Meskipun jumlah dokter yang terlibat banyak, penilaian POCUS tidak dicatat atau dievaluasi secara terpusat, sehingga membatasi kemampuan generalisasi. Selain itu, hasil pengujian D-dimer yang sebelumnya telah terbukti sedikit berbeda sensitivitas dan spesifisitasnya, yang dapat menyebabkan perbedaan dalam akurasi protokol.
Aplikasi Hasil Penelitian di Indonesia
Sindrom aorta akut (SAA) merupakan kegawatdaruratan medis yang memerlukan pertolongan segera.

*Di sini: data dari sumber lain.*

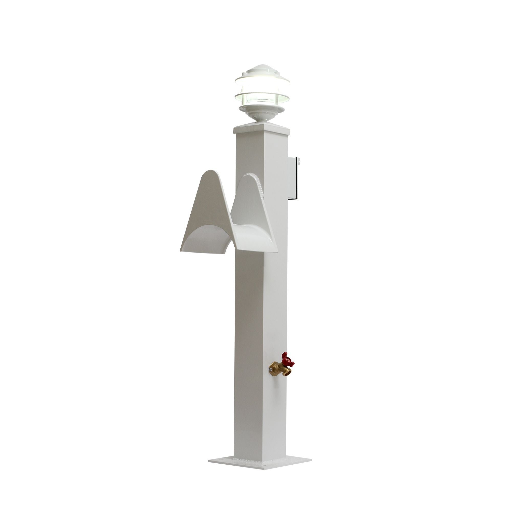Give your dock, garden, or pathway a refined marine look with our high-end marine-grade water and electric pedestal with pagoda light. Made in the USA with marine-grade all-aluminum welded construction with a tough powder coat finish. High quality welds ensure a lifetime of use. The light is a 110V with lime crystal glass globe suitable for use in wet locations.

Bentuk yang paling umum adalah diseksi aorta, di mana jika tidak segera ditangani, sekitar 50% pasien akan meninggal dalam 48 jam. Modalitas yang tersedia untuk pencitraan definitif meliputi computerized tomography angiography (CTA), magnetic resonance imaging (MRI), transesophageal echocardiography (TEE) atau transthoracic echocardiography (TTE).
Pencitraan CTA saat ini menjadi modalitas yang utama, tetapi mungkin terkendala oleh ketersediaan sumber daya, waktu, dan biaya. Hasil penelitian ini menunjukkan bahwa protokol sederhana yang mengintegrasikan POCUS dan kadar D-dimer dengan skor ADD bisa membantu rule-out SAA secara aman dan efisien, sehingga bisa mengurangi permintaan CTA yang tidak diperlukan. Hal ini mungkin bermanfaat di daerah di mana fasilitas pencitraan tingkat lanjut tidak tersedia.
Namun, untuk aplikasi yang baik, diperlukan pelatihan keterampilan dokter IGD untuk POCUS dan diperlukan pengaturan sistem pelayanan yang baik agar jangan sampai protokol ini justru memakan waktu yang lebih lama dari seharusnya.